Use previously downloaded weather data from S3 without re-downloading (default: False)

--generate-thresholds

-t

Generate alert thresholds based on historical data (default: False)

--model-train-and-predict

-m

Train the model and generate predictions (default: False)

--generate-maps

-gm

Generate map visualizations of predictions (default: False)

Pipeline Stages

The pipeline executes in the following sequence:

  1. Download Case Data (optional): Downloads linelist data from S3 when -dl is specified

  2. Process Linelist (optional): Converts raw linelist data to daily case counts when -pl is specified

  3. Aggregate Case Data: Validates and aggregates case data at the configured granularity

  4. Weather Data: Downloads and uses S3 data (-ws) or uses previously downloaded data (-rws)

  5. Generate Thresholds (optional): Calculates alert thresholds when -t is specified

  6. Model Training & Predictions (optional): Trains models and generates predictions when -m is specified

  7. Generate Maps (optional): Creates geographic visualizations when -gm is specified

Example Commands

Standard run with freshly downloaded S3 weather data:

python src/acestor/main.py -ws -t -m

Use previously downloaded weather data (faster):

python src/acestor/main.py -rws -t -m

Full pipeline from linelist data:

python src/acestor/main.py -dl -pl -ws -t -m

Run with custom configuration:

python src/acestor/main.py -c config/custom_config.yaml -ws -t -m

Generate predictions with maps:

python src/acestor/main.py -ws -t -m -gm

Run predictions for a specific date:

python src/acestor/main.py -d 2024-12-01 -rws -t -m

Quick test run (using previously downloaded weather data, no maps):

python src/acestor/main.py -rws -t -m

Configuration File

The pipeline requires a YAML configuration file specifying:

  • root_dir: Root directory for data and outputs

  • region_name: Geographic region to process (e.g., “Karnataka”)

  • granularity: Level of spatial detail (“district” or “subdistrict”)

  • weather_data_path: Path to weather data

  • geojson_folder: Path to GeoJSON boundary files

  • raw_linelist_path: Path to raw linelist data (if using linelist input)

  • ihip_s3_location: S3 bucket location for IHIP data (if downloading from S3)

  • debug: Enable debug mode (processes only last 3 years of data)

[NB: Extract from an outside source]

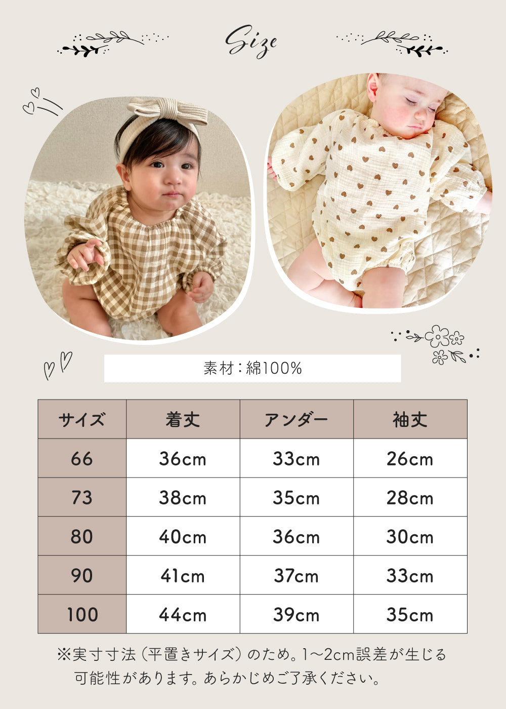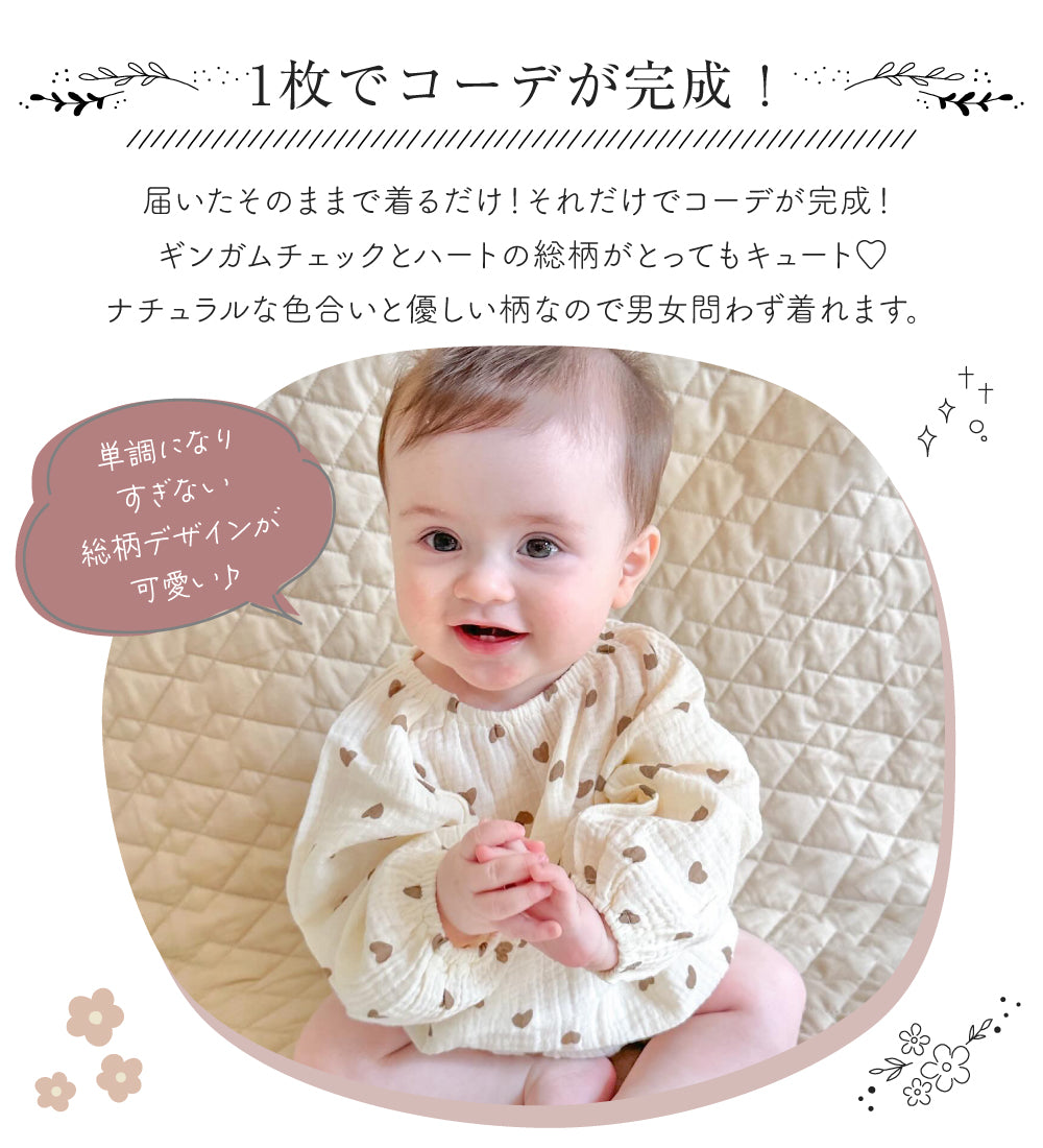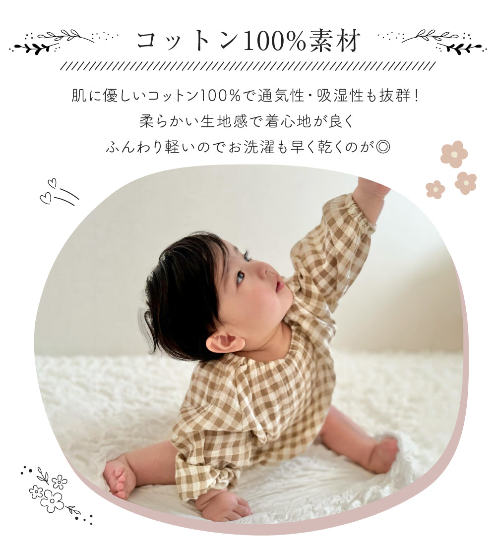 ・ナチュラルな総柄デザインが可愛いロンパース♪

See the Input Data Specification page for detailed configuration file documentation.

Important Notes

Weather Data Options:

  • Use -ws for the first run or when you need fresh weather data

  • Use -rws for subsequent runs to save time (reuses previously downloaded data)

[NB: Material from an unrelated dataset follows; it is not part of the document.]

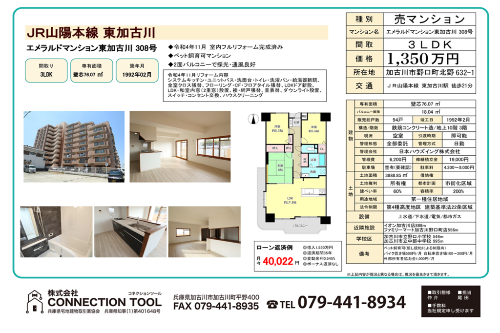 | 交通 | JR山陽本線 東加古川駅 徒歩21分 |

  • Weather data is cached in the weather_data_path specified in the config

Threshold and Prediction Flags:

  • Both -t (thresholds) and -m (predictions) are typically used together

  • -t generates alert thresholds based on historical data

  • -m trains models and generates predictions

  • These are separate flags to allow flexibility in pipeline execution

Date Selection:

  • By default, the pipeline runs predictions for today’s date

  • Use -d to run predictions for historical dates or specific future dates

  • Date must be in YYYY-MM-DD format

GeoJSON Files

GeoJSON boundary files must be organized in the folder specified by geojson_folder in the configuration:

geojsons/
└── <StateName>/
    ├── districts/
    │   └── district_<LGD_CODE>.geojson
    └── subdistricts/
        └── subdistrict_<LGD_CODE>.geojson

See the Input Data Specification page for detailed GeoJSON requirements and format specifications.

Outputs

Pipeline outputs are saved to the results/ directory and include:

  • District-level predictions CSV

  • State-level predictions CSV

  • Log files in logs/ directory

  • Map visualizations (when -gm is specified)